Given PDE
$zz_x-zz_y=z^2+(x+y)^2$
I had solved problem and found that solution is
$F(x+y,\log(x^2+y^2+z^2+2xy)-2x)=0$
I know how to solve Above type of PDE.
But problem is that I do not know what is above function means?
Please can someone kindly give information about solution denoted by function $F(u(x,y),v(x,y))=0$ ?
Any Help will be appreciated.
$$zz_x-zz_y=z^2+(x+y)^2$$ The Charpit-Lagrange system of equations is : https://en.wikipedia.org/wiki/Method_of_characteristics $$\frac{dx}{z}=\frac{dy}{-z}=\frac{dz}{z^2+(x+y)^2}$$ A first characteristic equation comes from $\frac{dx}{z}=\frac{dy}{-z}$ which leads to : $$x+y=c_1$$ A second characteristic equation comes from $\frac{dx}{z}=\frac{dz}{z^2+(x+y)^2}$ which leads to :
$\frac{dx}{z}=\frac{dz}{z^2+c_1^2}\quad;\quad 2dx=\frac{d(z^2)}{z^2+c_1^2}\quad;\quad 2x=\ln(z^2+c_1^2)+$constant. $$\ln(z^2+c_1^2)-2x=c_2$$ $$\ln(z^2+(x+y)^2)-2x=c_2$$ $$\ln(x^2+y^2+z^2+2xy)-2x=c_2$$ The general solution of the PDE expressed on the form of implicite equation $F(c_1,c_2)=0$ is : $$F\big((x+y)\:,\: (\ln(x^2+y^2+z^2+2xy)-2x)\big)=0$$ where $F$ is an arbitrary function of two variables.

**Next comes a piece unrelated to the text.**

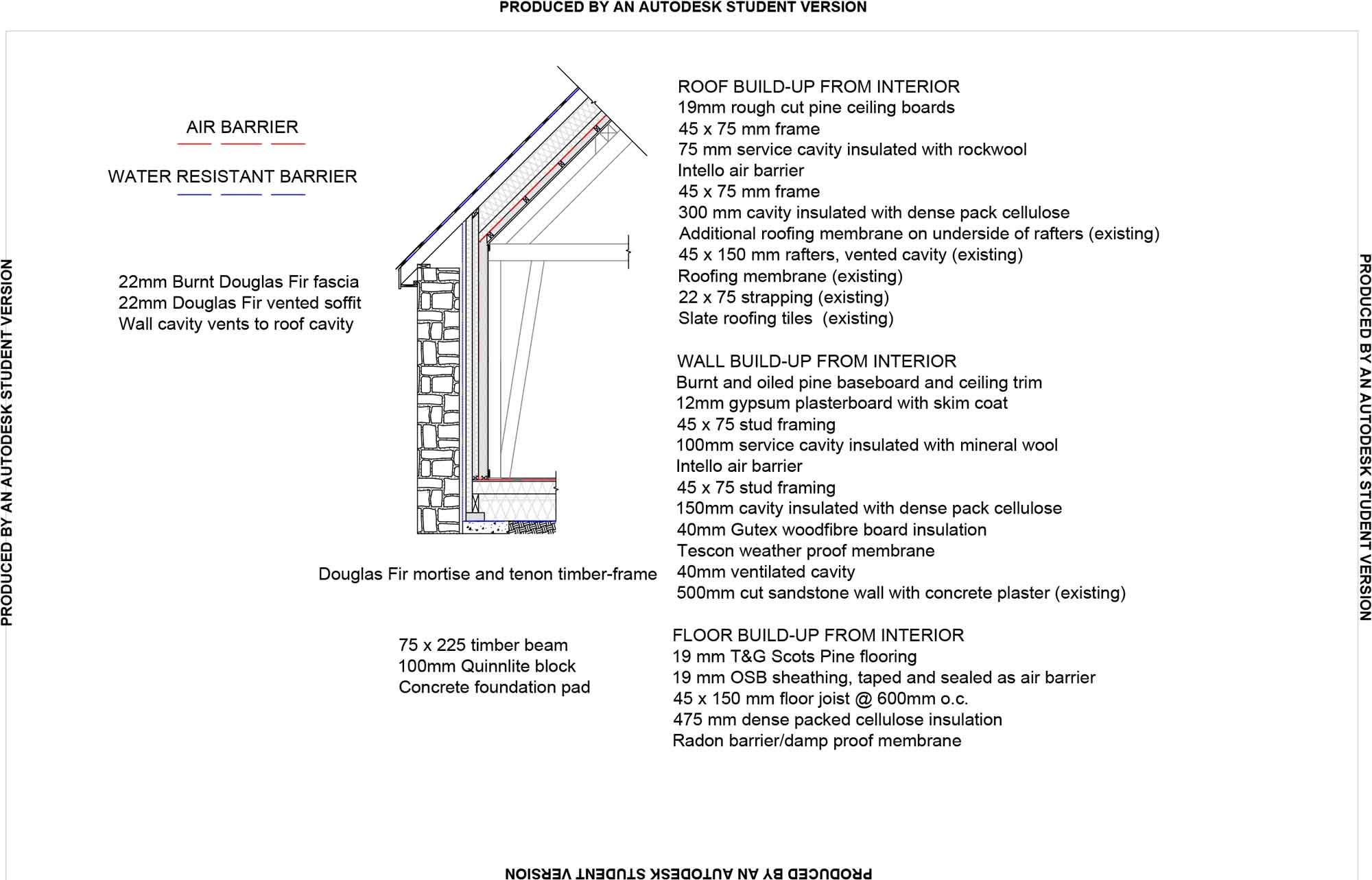 After: Slates on wooden strapping over weatherproof membrane (all retained). Existing rafters as air space. Breathable membrane, 300 mm cellulose insulation in stud framed cavity, Intello air barrier, 100 mm Rockwool insulation in stud framed cavity, 19 mm wooden ceiling. U-value: 0.10 W/m2K

This means that you can take the function $F$ as you like.
For example if you take $F(X,Y)=X^3-Y^2$ you get $(x+y)^3-(\ln(x^2+y^2+z^2+2xy)-2x)^2=0$ which is a particular solution of the PDE expressed on the form of implicit equation.
Since they are an infinity of functions $F$ they are an infinity of solutions insofar no boundary condition is specified.
In order to determine the function $F$ some boundary conditions must be specified.
NOTE :
Equivalently the solutions can be expressed on explicit form $c_2=\phi(c_1)$ : $$\ln((x+y)^2+z^2)-2x=\phi(x+y)$$ where $\phi$ is an arbitrary function. $$(x+y)^2+z^2=e^{\phi(x+y)+2x}=e^{2x}f(x+y)$$ where $f$ is an arbitrary function. $$z=\pm\sqrt{e^{2x}f(x+y)-(x+y)^2}$$ Some boundary conditions must be specified in order to determine the function $f$.